In both `configs/spine1.cfg` and `configs/spine2.cfg`:
```
address-family evpn
neighbor evpn activate ← This line was MISSING!
```
Without activating the EVPN address family on the spines, they:
1. Accept the EVPN neighbor definitions
2. But don't actively listen for or respond to EVPN connections
3. Leaves try to establish sessions but spines don't respond
4. Connection attempt times out → Active state
This is **different from the IPv4 underlay** which was working because the IPv4 address family **was activated** on the spines.
## Solution Applied
### Before (Broken)
```
router bgp 65000
...
address-family evpn
! Missing activation line!
```
### After (Fixed)
```
router bgp 65000
...
address-family evpn
neighbor evpn activate
```
## Files Modified
- `configs/spine1.cfg` - Added `neighbor evpn activate` in EVPN address family
- `configs/spine2.cfg` - Added `neighbor evpn activate` in EVPN address family
## Technical Explanation
In Arista EOS BGP, neighbors defined in the global BGP context don't actively participate in any address family **until explicitly activated in that address family block**.

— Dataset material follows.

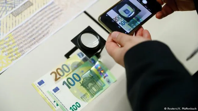 Just like the other denominations, the new notes are easy to check when using the "feel, look and tilt" method. The new 100 and 200 Euro notes are a different size to the old 100 and 200 Euro notes.

### Address Family Activation Rules
```
router bgp 65000
neighbor 10.0.250.1 peer group evpn
neighbor 10.0.250.1 remote-as 65000
address-family evpn
neighbor evpn activate ← REQUIRED for EVPN sessions to work
address-family ipv4
neighbor 10.0.250.1 activate ← Separate activation for IPv4
```
Without activating in the EVPN address family:
- The spines define the neighbor parameters ✓
- The spines enter BGP configuration ✓
- The spines do NOT listen on TCP 179 for EVPN sessions ✗
- Leaf attempts to TCP connect to spine loopback on port 179 for EVPN ✗
- Timeout occurs → Active state ✗
## Testing the Fix
After deploying with the fix, the EVPN neighbors should immediately transition to **Established**:
```bash
# Before fix
10.0.250.1 4 65000 0 0 0 0 00:02:05 Active
# After fix
10.0.250.1 4 65000 8 8 0 0 00:00:15 Estab
```
## Impact
This was a **critical bug** that:
- Prevented any EVPN overlay from functioning
- Made L2 VXLAN testing impossible
- Made L3 VXLAN testing impossible
- Prevented MAC learning via VXLAN
- Prevented EVPN route distribution
Once fixed, the entire EVPN overlay becomes operational immediately.
## Lesson Learned
In BGP multi-address-family configurations, **every address family must be explicitly activated**. This includes:
- IPv4 unicast
- IPv6 unicast
- EVPN
- Route target filtering
- Any other address families being used
A common mistake is to define a neighbor globally but forget to activate it in all address families where it should be used.